- ACTIVITY: Below are entries with pictures among them; reproduce exactly, and only, the lines from the one containing "Agate, with its" down to the one containing "In addition to", without the pictures.

- DATA SUPPLIED:

▽

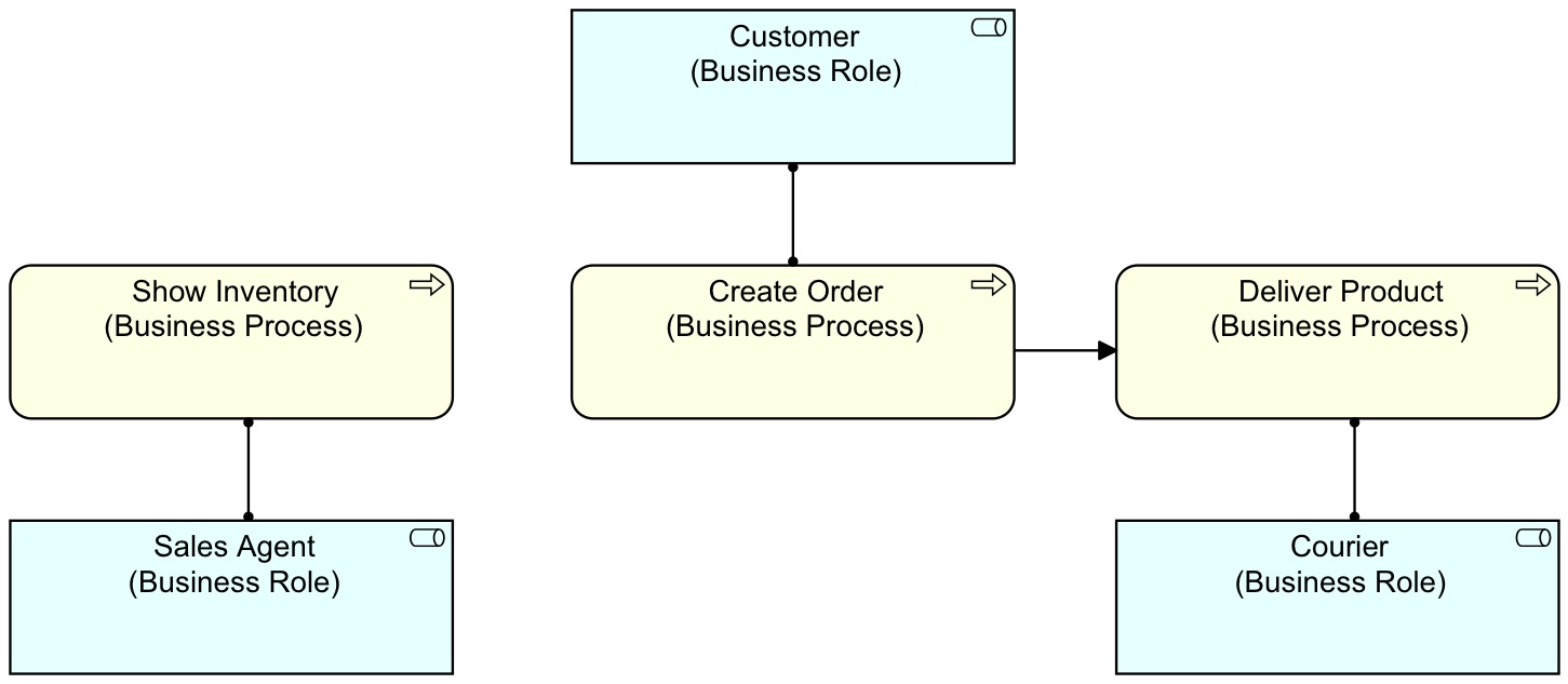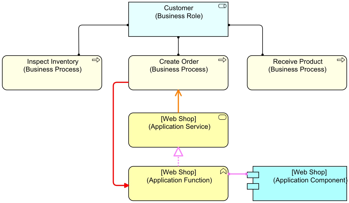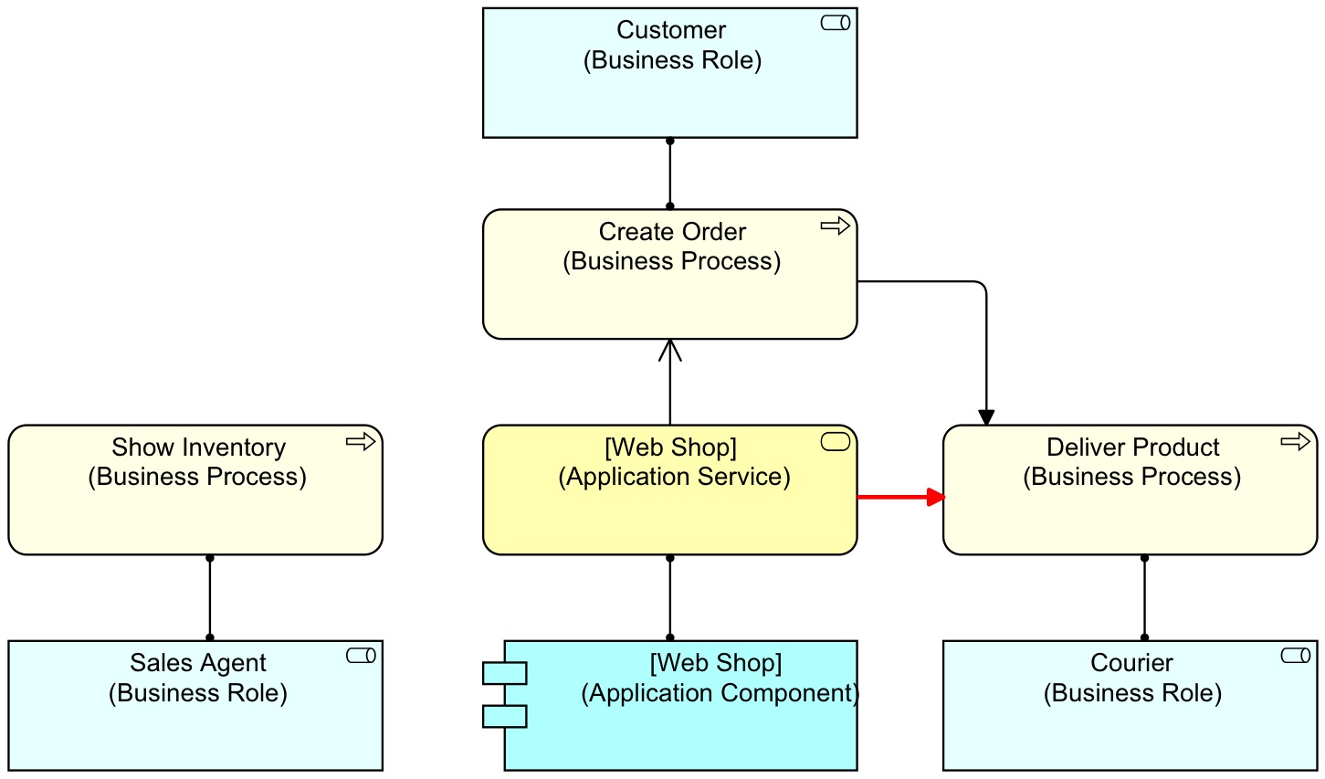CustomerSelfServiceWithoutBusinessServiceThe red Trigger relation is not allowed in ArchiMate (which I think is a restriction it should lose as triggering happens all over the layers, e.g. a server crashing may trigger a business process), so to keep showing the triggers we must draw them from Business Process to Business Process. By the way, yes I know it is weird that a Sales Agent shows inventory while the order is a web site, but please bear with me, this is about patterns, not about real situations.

△
▽

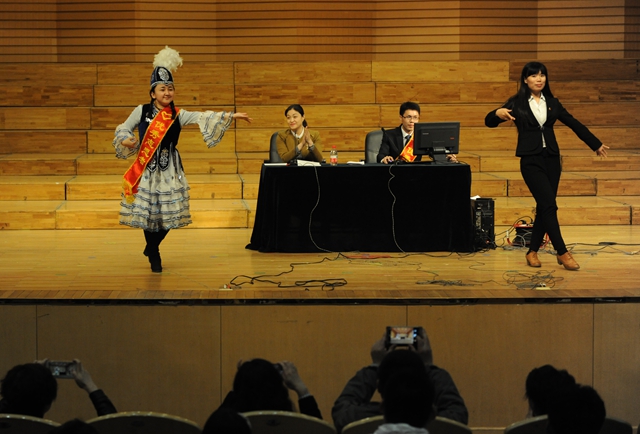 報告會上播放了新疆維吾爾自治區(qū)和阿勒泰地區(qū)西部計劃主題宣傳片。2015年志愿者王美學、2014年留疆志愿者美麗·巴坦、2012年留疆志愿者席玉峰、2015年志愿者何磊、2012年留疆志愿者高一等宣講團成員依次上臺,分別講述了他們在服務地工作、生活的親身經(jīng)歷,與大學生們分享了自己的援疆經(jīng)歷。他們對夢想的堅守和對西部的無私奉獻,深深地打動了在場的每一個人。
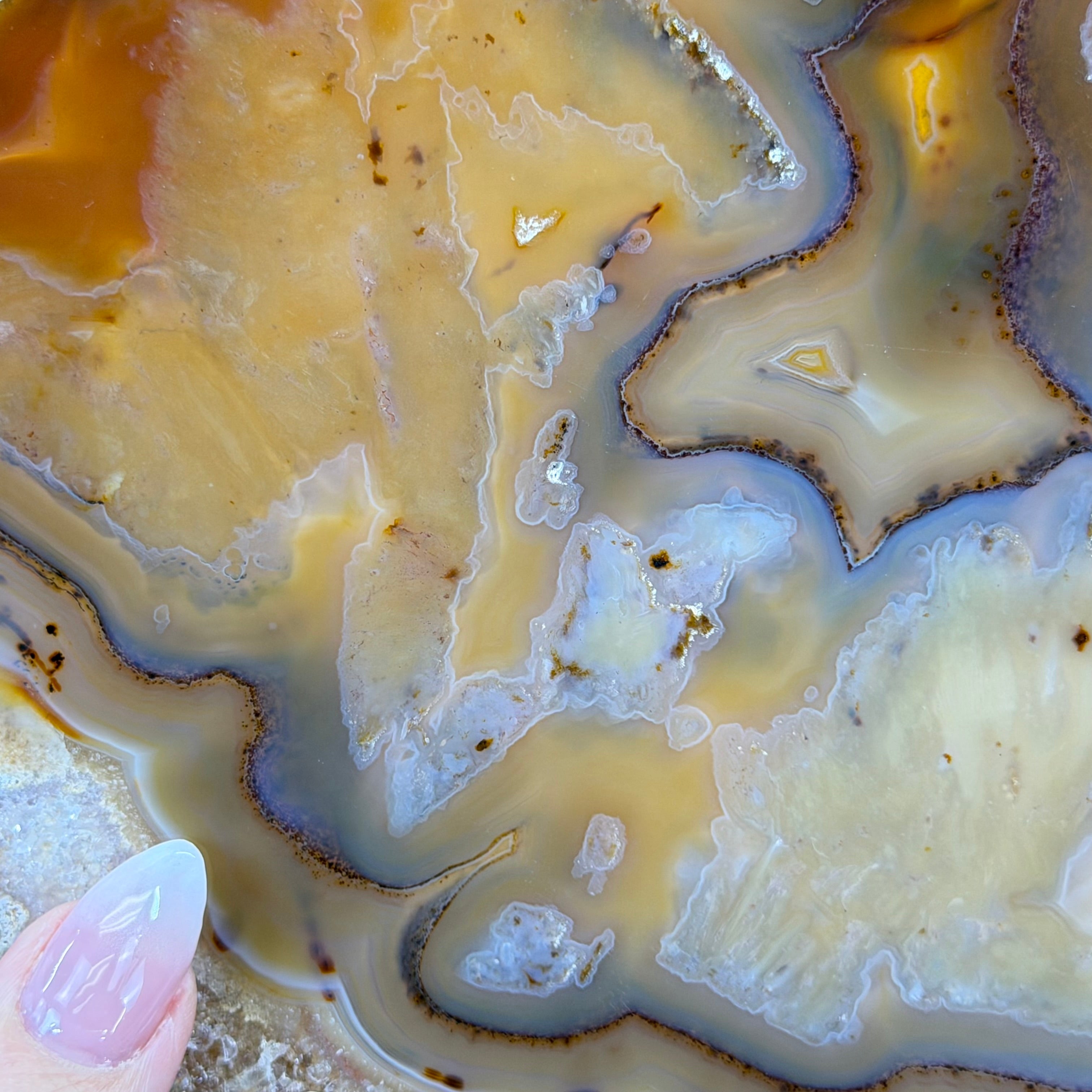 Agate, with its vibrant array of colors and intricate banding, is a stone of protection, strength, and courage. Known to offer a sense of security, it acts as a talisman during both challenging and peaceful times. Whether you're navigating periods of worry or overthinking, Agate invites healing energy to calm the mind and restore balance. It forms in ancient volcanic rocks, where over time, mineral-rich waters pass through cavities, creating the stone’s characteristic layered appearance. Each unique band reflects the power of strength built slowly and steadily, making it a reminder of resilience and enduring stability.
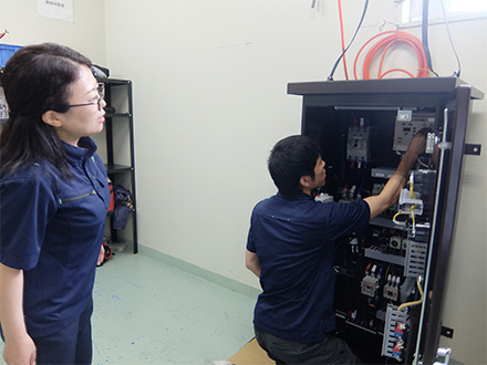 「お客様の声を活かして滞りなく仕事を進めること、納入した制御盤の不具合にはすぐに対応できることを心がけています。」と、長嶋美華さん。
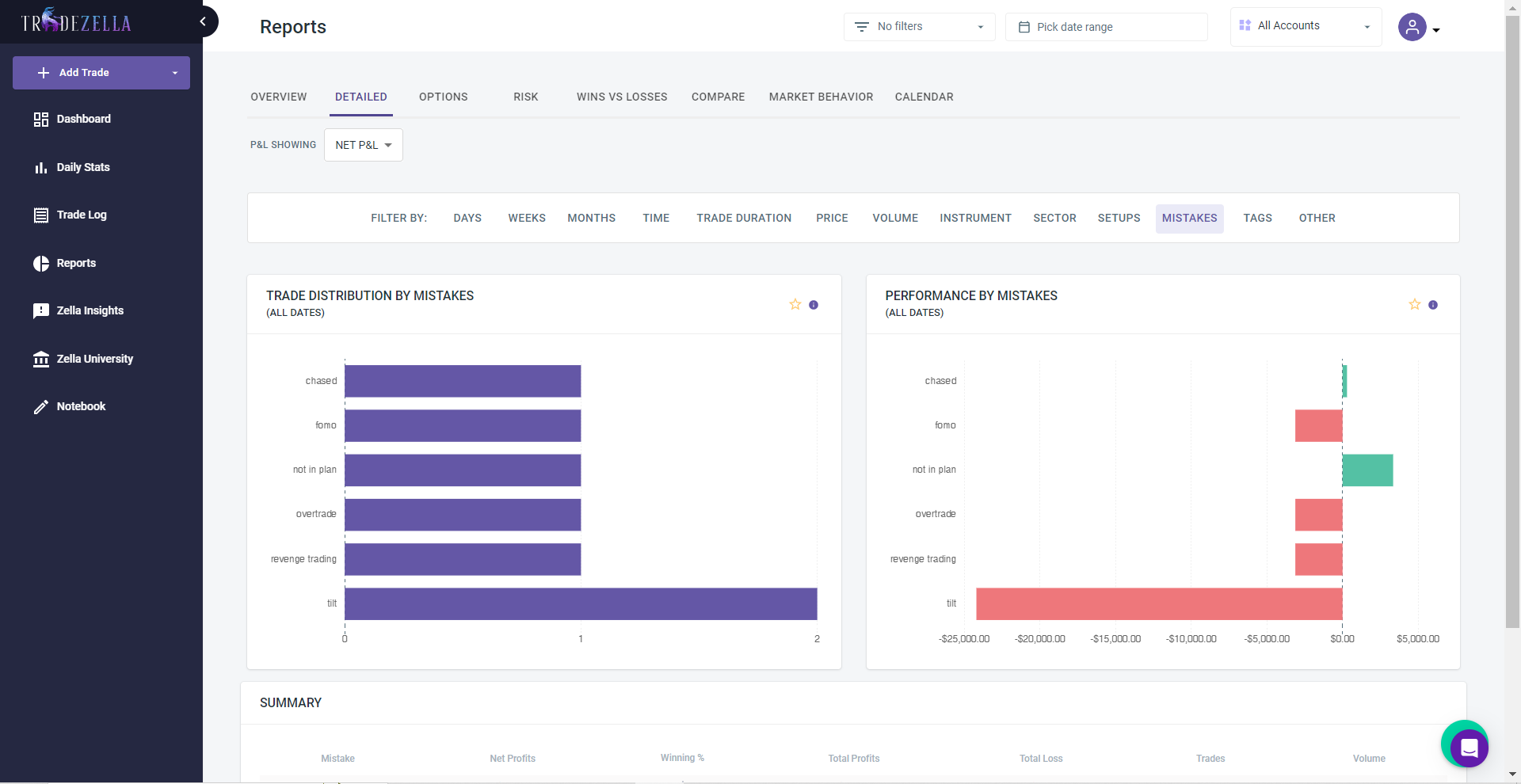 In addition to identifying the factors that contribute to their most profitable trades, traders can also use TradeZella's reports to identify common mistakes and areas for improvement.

△

- ANSWER SPACE:
 Agate, with its vibrant array of colors and intricate banding, is a stone of protection, strength, and courage. Known to offer a sense of security, it acts as a talisman during both challenging and peaceful times. Whether you're navigating periods of worry or overthinking, Agate invites healing energy to calm the mind and restore balance. It forms in ancient volcanic rocks, where over time, mineral-rich waters pass through cavities, creating the stone’s characteristic layered appearance. Each unique band reflects the power of strength built slowly and steadily, making it a reminder of resilience and enduring stability.
 「お客様の声を活かして滞りなく仕事を進めること、納入した制御盤の不具合にはすぐに対応できることを心がけています。」と、長嶋美華さん。
 In addition to identifying the factors that contribute to their most profitable trades, traders can also use TradeZella's reports to identify common mistakes and areas for improvement.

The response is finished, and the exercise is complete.